The overall pressure ratio of a gas turbine engine as described and/or claimed herein may be defined as the ratio of the stagnation pressure upstream of the fan to the stagnation pressure at the exit of the highest pressure compressor (before entry into the combustor). By way of non-limitative example, the overall pressure ratio of a gas turbine engine as described and/or claimed herein at cruise may be greater than (or on the order of) any of the following: 35, 40, 45, 50, 55, 60, 65, 70, 75. The overall pressure ratio may be in an inclusive range bounded by any two of the values in the previous sentence (i.e. the values may form upper or lower bounds).

Specific thrust of an engine may be defined as the net thrust of the engine divided by the total mass flow through the engine. At cruise conditions, the specific thrust of an engine described and/or claimed herein may be less than (or on the order of) any of the following: 110 Nkg⁻¹s, 105 Nkg⁻¹s, 100 Nkg⁻¹s, 95 Nkg⁻¹s, 90 Nkg⁻¹s, 85 Nkg⁻¹s or 80 Nkg⁻¹s. The specific thrust may be in an inclusive range bounded by any two of the values in the previous sentence (i.e. the values may form upper or lower bounds). Such engines may be particularly efficient in comparison with conventional gas turbine engines.

A gas turbine engine as described and/or claimed herein may have any desired maximum thrust. Purely by way of non-limitative example, a gas turbine as described and/or claimed herein may be capable of producing a maximum thrust of at least (or on the order of) any of the following: 160 kN, 170 kN, 180 kN, 190 kN, 200 kN, 250 kN, 300 kN, 350 kN, 400 kN, 450 kN, 500 kN, or 550 kN. The maximum thrust may be in an inclusive range bounded by any two of the values in the previous sentence (i.e. the values may form upper or lower bounds). The thrust referred to above may be the maximum net thrust at standard atmospheric conditions at sea level plus 15 deg C. (ambient pressure 101.3 kPa, temperature 30 deg C.), with the engine static.

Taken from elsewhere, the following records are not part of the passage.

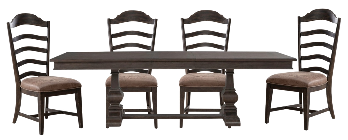 Forget dining out and make your home the best place to enjoy a meal with the Paradise Valley five piece trestle table set. Crafted with excellence using rubberwood solids and split heart white oak veneers, this set features a saddle brown finish and includes the trestle table and four upholstered ladder back side chairs.Read More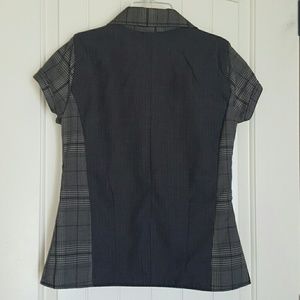 Charcoal and beige short sleeve blazer by vanity 64% polyester 34% rayon 2% spandex
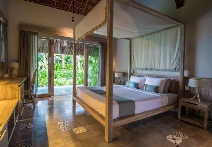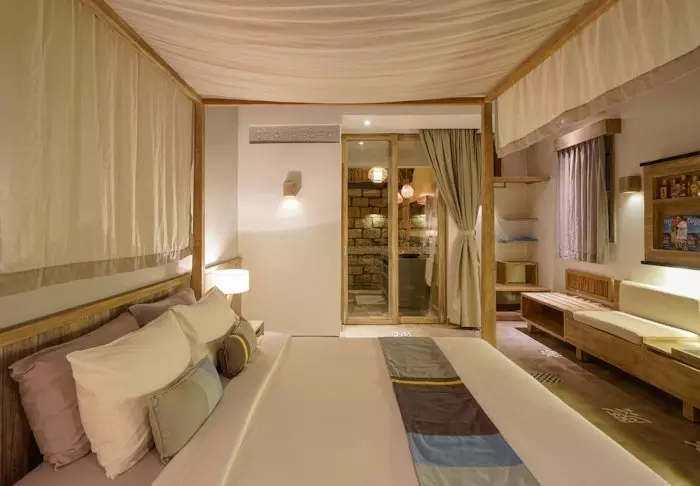 Die Zimmer sind geschmackvoll mit einer Kombination aus Naturfarben mit einzelnen Kontrastfarben auf Polstern, Teppichen usw. eingerichtet. Die Badezimmer besitzen teilweise eine offene Decke, sodass sie die Brise spüren und das Meer riechen. Alle Zimmer sind mit Klimaanlage, Minibar, Tee- und Kaffee-Ecke, Safe, WLAN, Flachbildschirm-TV-Gerät, Moskitonetz und eigener Veranda ausgestattet.

In use, the temperature of the flow at the entry to the high pressure turbine may be particularly high. This temperature, which may be referred to as TET, may be measured at the exit to the combustor, for example immediately upstream of the first turbine vane, which itself may be referred to as a nozzle guide vane. At cruise, the TET may be at least (or on the order of) any of the following: 1400K, 1450K, 1500K, 1550K, 1600K or 1650K. The TET at cruise may be in an inclusive range bounded by any two of the values in the previous sentence (i.e. the values may form upper or lower bounds). The maximum TET in use of the engine may be, for example, at least (or on the order of) any of the following: 1700K, 1750K, 1800K, 1850K, 1900K, 1950K or 2000K. The maximum TET may be in an inclusive range bounded by any two of the values in the previous sentence (i.e. the values may form upper or lower bounds). The maximum TET may occur, for example, at a high thrust condition, for example at a maximum take-off (MTO) condition.

A fan blade and/or aerofoil portion of a fan blade described and/or claimed herein may be manufactured from any suitable material or combination of materials. For example at least a part of the fan blade and/or aerofoil may be manufactured at least in part from a composite, for example a metal matrix composite and/or an organic matrix composite, such as carbon fibre. By way of further example at least a part of the fan blade and/or aerofoil may be manufactured at least in part from a metal, such as a titanium based metal or an aluminium based material (such as an aluminium-lithium alloy) or a steel based material. The fan blade may comprise at least two regions manufactured using different materials. For example, the fan blade may have a protective leading edge, which may be manufactured using a material that is better able to resist impact (for example from birds, ice or other material) than the rest of the blade. Such a leading edge may, for example, be manufactured using titanium or a titanium-based alloy. Thus, purely by way of example, the fan blade may have a carbon-fibre or aluminium based body (such as an aluminium lithium alloy) with a titanium leading edge. A fan as described and/or claimed herein may comprise a central portion, from which the fan blades may extend, for example in a radial direction. The fan blades may be attached to the central portion in any desired manner. For example, each fan blade may comprise a fixture which may engage a corresponding slot in the hub (or disc). Purely by way of example, such a fixture may be in the form of a dovetail that may slot into and/or engage a corresponding slot in the hub/disc in order to fix the fan blade to the hub/disc. By way of further example, the fan blades maybe formed integrally with a central portion. Such an arrangement may be referred to as a blisk or a bling. Any suitable method may be used to manufacture such a blisk or bling. For example, at least a part of the fan blades may be machined from a block and/or at least part of the fan blades may be attached to the hub/disc by welding, such as linear friction welding.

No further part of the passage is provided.